Some fuss has been made about the authors being kicked out of the MAP.  Let me tell you about the MAP.  The MAP is an amazing thing.  What most sequencing companies do with a new tech, is they take it to the big genome centres (Sanger, Broad, WashU, BGI etc), they get down on their knees and they say “please make it work; please adopt it and say nice things about it”.  This is one of the reasons why most new bioinformatics tech comes out of genome centres – they always get first glance at new sequencing technology, and so they’re in pole position when it comes to writing new algorithms to deal with it.  MAP is different.  I’m not saying they haven’t put MinION into Sanger, Broad etc – but they’ve also given it to lone scientists, to small groups, to medics, to public health, to vets.  ONT have placed around 500 MinIONs in over 20 countries.

The MAP is about collaboration; it is about trust.
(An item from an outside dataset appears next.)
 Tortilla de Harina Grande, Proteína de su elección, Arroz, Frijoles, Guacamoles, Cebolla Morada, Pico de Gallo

At no point have I doubted that ONT would let us publish data.  At no point have I felt controlled, or restricted in what we could do.  ONT simply want to know what MinION data look like in others’ hands, both experts and novices.  In return for the platform, they want to see the data and understand why it looks the way it does.  It’s a collaboration.  It’s about give and take.

The “hit and run” paper of Mikheyev and Tin just doesn’t fit into that framework.  Not in any way.  Technically speaking, “self certification” is a statement to ONT that the platform is delivering data that are “good enough for the applications I want to use it for”.  Mikheyev and Tin self-certified.  Where are the applications then guys?
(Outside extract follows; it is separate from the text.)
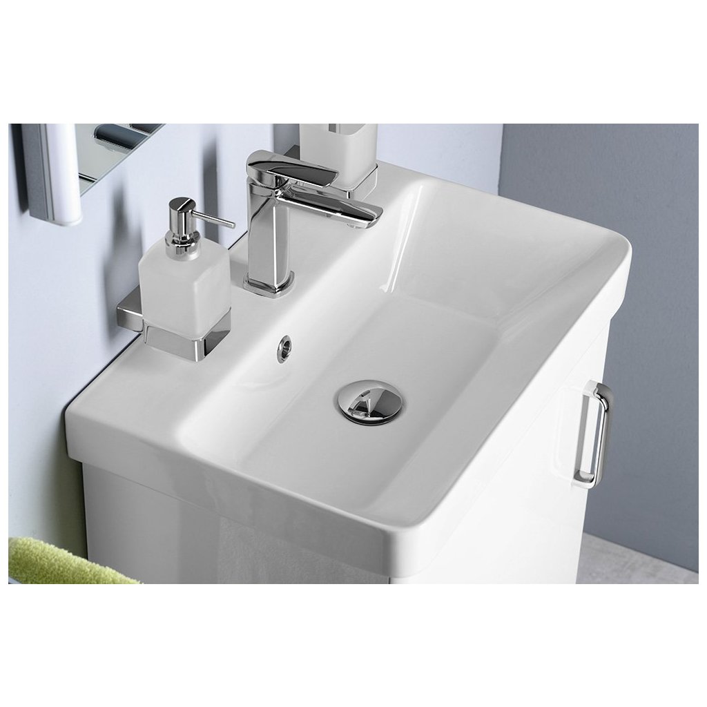 Linia modernă de dulapuri din seria THEIA se potrivește cu chiuvetele din ceramică THALIE, creând împreună un întreg interesant. Dulapurile și sertarele sunt echipate cu un mâner elegant. Sertarele sunt echipate cu ghidaje marca BLUM ® cu garantie pe viata, usile sunt echipate cu balamale cu inchidere usoara. Există o gamă de versiuni de sertare sau uși ale dulapurilor pentru chiuvetă în alb lucios și în decoruri laminate selectate.

Don’t you think it was a bit dishonest to self-certfiy and then publish that paper?

Just to be clear – only two groups have left the MAP; one group who left voluntarily as they didn’t have enough time to devote to MinION, and Mikheyev and Tin.  On the flip side, many additional people have been admitted.

Working with the data

Some very talented people in my lab have been working with the data, and I have been remarkably hands off.  However, here are some of my opinions about the data:

  • I don’t get the impression that generating ultra-long reads is going to be a problem.  What goes through the pore is what’s in the sample, and if you have long fragments, you get long reads
  • If you take the reads, align against a reference, you cover the whole genome, and can call the reference with 100% accuracy.
  • You can call SNPs.
  • Larger genome scaffolding is possible, and results are similar to scaffolding with PacBio.
  • (yes I realise these are the boring questions I referred to above; the answer is “yes you can”; now it’s time to go dream of amazing applications)
  • The quality needs to improve, base-calling needs to improve, throughput needs to improve – and I believe all of them will
  • Error correction strategies look very promising and I think you will see papers on this in the next few months

A final word

I have respect for all sequencing companies and I believe all of them have something to offer. Illumina are amazing – talk about a company that delivers!  They are about to enable routine medical genomics, and sequence entire countries.  What they’ve done with their technology is incredible.  Believe me, my pom poms still get used!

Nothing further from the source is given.